利用TransDecoder軟件(http:∥transdecoder.sourceforge.net/)基于ORF長度、對數似然函數值、氨基酸序列及Pfam數據庫蛋白質結構域序列的比對等信息,從蜜蜂球囊菌AaM和AaS的長讀段測序混合數據鑒定到的新轉錄本序列中識別可靠的潛在編碼區序列(coding sequence, CDS)及其對應氨基酸序列,同時預測包含起始密碼子和終止密碼子的完整ORF。

1.4 SSR位點的鑒定及分析

MISA軟件(http: ∥pgrc.ipk-gatersleben.de/misa/)可以通過分析轉錄本序列鑒定出8種類型的SSR,包括單核苷酸重復(p1)、雙核苷酸重復(p2)、三核苷酸重復(p3)、四核苷酸重復(p4)、五核苷酸重復(p5)、六核苷酸重復(p6)、混合SSR(c和c*)(即兩個SSR之間的距離小于100 bp),其中c類型的SSR重復序列之間包含若干個堿基,而c*類型的SSR重復序列之間沒有或只有一個其他堿基(Thieletal., 2003)。從去冗余的蜜蜂球囊菌全長轉錄本中篩選長度在500 bp以上的全長轉錄本,利用MISA軟件預測SSR位點,采用默認參數。

1.5 新基因和新轉錄本的鑒定及功能注釋

通過將蜜蜂球囊菌的全長轉錄本與參考基因組注釋的基因和轉錄本進行比較,鑒定現有參考基因組上未注釋的新基因和新轉錄本。利用Blast工具將上述新基因和新轉錄本分別比對Nr, Swiss-Prot, Pfam, KOG, eggNOG, GO和KEGG數據庫以獲得相應的功能注釋。

2 結果

2.1 蜜蜂球囊菌參考基因組已注釋基因的5′UTR和3′UTR延長

共對蜜蜂球囊菌的9 481個基因的結構進行優化,其中5′UTR和3′UTR延長的基因分別有4 744和4 737個。部分蜜蜂球囊菌基因的結構優化信息如表1所示。

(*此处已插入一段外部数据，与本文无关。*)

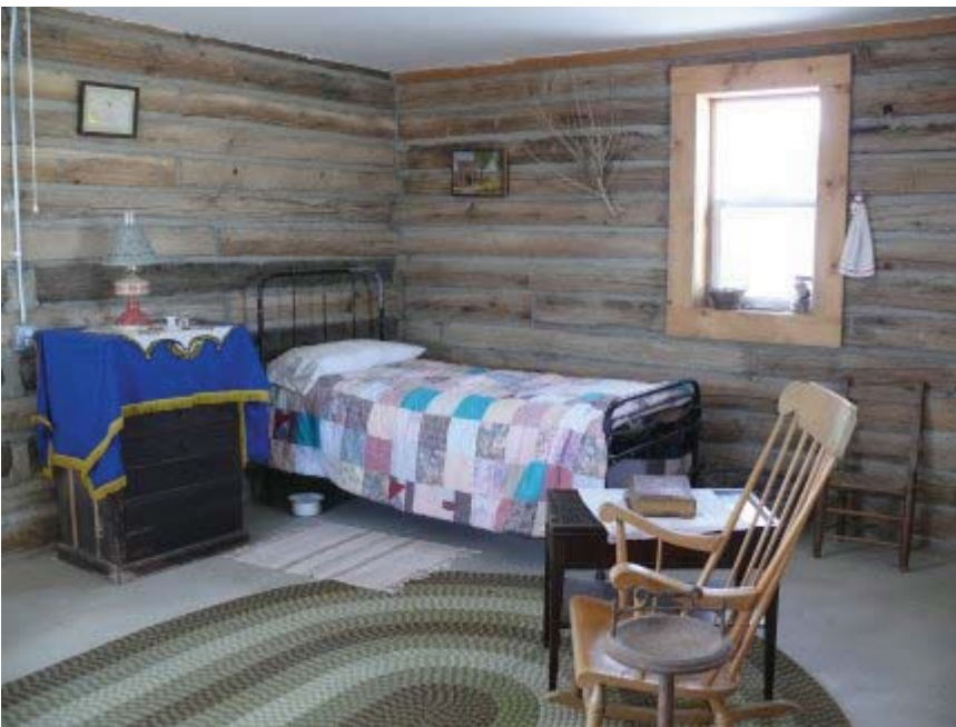
Restored Pahrump one room pioneer cabin.

The museum has a large and comprehensive Abraham Lincoln collection. While looking through the room dedicated to "Honest Abe," Chuck was captivated by a plaque. It was entitled "Ten 'Cannots' by Abraham Lincoln." Abe had a pretty good understanding of democracy and freedom and we wish this understanding were more prevalent today.
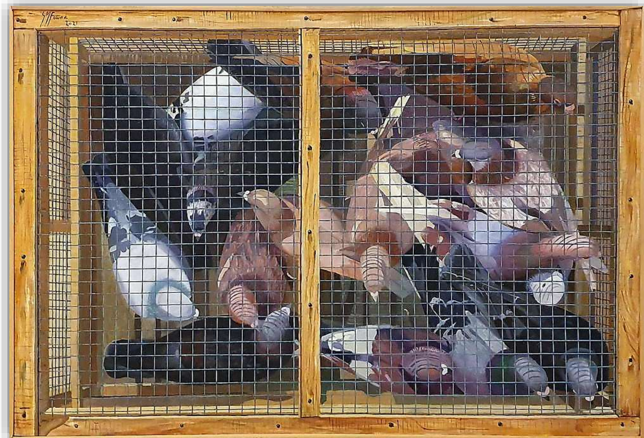
S.M. Fawad Waiting To Fly 20 x 30 Inch, Oil on Canvas, AC-SMF-191 Rs. 200,000 ($ 1,126.76)
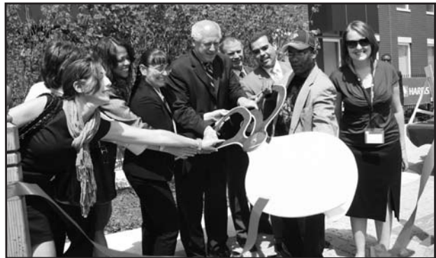
Governor Pat Quinn cuts the ribbon at the grand opening of the Rosa Parks Apartments in the 27th Ward's Humboldt Park community. This development has created 94 new units of affordable housing for Chicago residents

In June DCD officials joined community leaders, members of the development team and others in celebrating the grand opening of Rosa Parks Apartments, a new 94-unit affordable rental development located in the area bounded by Kedzie and Drake avenues, Huron Street, and Franklin Boulevard in the Humboldt Park community of the 27th Ward.

表1 蜜蜂球囊菌參考基因組已注釋的10個基因的結構優化信息概要

2.2 蜜蜂球囊菌基因組中完整ORF預測

共預測出10 492個完整ORF,它們編碼的氨基酸序列長度分布介于0~400 aa,其中分布在0~100 aa的ORF數量最多,為4 088個(占38.96%);其次為分布在100~200, 200~300和300~400 aa的ORF,數量分別為3 872個(占36.90%), 1 525個(占14.53%)和595個(占5.67%)(圖1)。

2.3 蜜蜂球囊菌參考基因組未注釋SSR位點

本研究在24 294 167 bp的序列中共鑒定到5 286個SSR位點,含有SSR位點超過1個的基因數為1 004個,混合SSR位點有434個。此外,p1, p2, p3, p4, p5和p6的數量分別為1 870, 826, 2 398, 138, 43和11個(表2)。進一步分析發現,p3類型的SSR密度最大,達到83.72個/Mb,其次為p1, p2, c, p4, p5, c*和p6,分別達到65.20, 27.91, 15.77, 4.86, 1.48, 0.45和0.33個/Mb(圖2)。

表2 蜜蜂球囊菌參考基因組中SSR位點的MISA軟件分析結果

2.4 蜜蜂球囊菌參考基因組中未注釋的新基因的鑒定及功能注釋

圖2 蜜蜂球囊菌參考基因組中不同類型SSR的密度統計

共鑒定到1 558個新基因,其中分別有1 556, 731, 330, 592, 1 177, 709和589個新基因可分別被注釋到Nr, Swiss-Prot, Pfam, KOG, eggNOG, GO和KEGG數據庫。Nr數據庫中新基因注釋數量最多的物種是蜜蜂球囊菌,其次為Polytolypahystricis和伊蒙微小菌Emmonsiaparva(圖3: A)。新基因可注釋到KOG數據庫的25個功能類別,注釋數量最多的是僅一般功能預測(general function prediction only),其次是翻譯后修飾、蛋白質轉換和分子伴侶(posttranslational modification, protein turnover, chaperones),氨基酸轉運和代謝(amino acid transport and metabolism),信號轉導機制(signal transduction mechanisms)以及翻譯、核糖體結構和生物合成(translation, ribosomal structure and biogenesis)等(圖3: B)。此外,新基因可被注釋到eggNOG數據庫的25個功能類別,數量最多的為未知功能(function unknown),其次為碳水化合物轉運及代謝(carbohydrate transport and metabolism),翻譯后修飾、蛋白質轉換和分子伴侶,細胞內移動、分泌和囊泡運輸(intracellular trafficking, secretion, and vesicular transport),轉錄(transcription)以及翻譯、核糖體結構和生物合成等(圖3: C)。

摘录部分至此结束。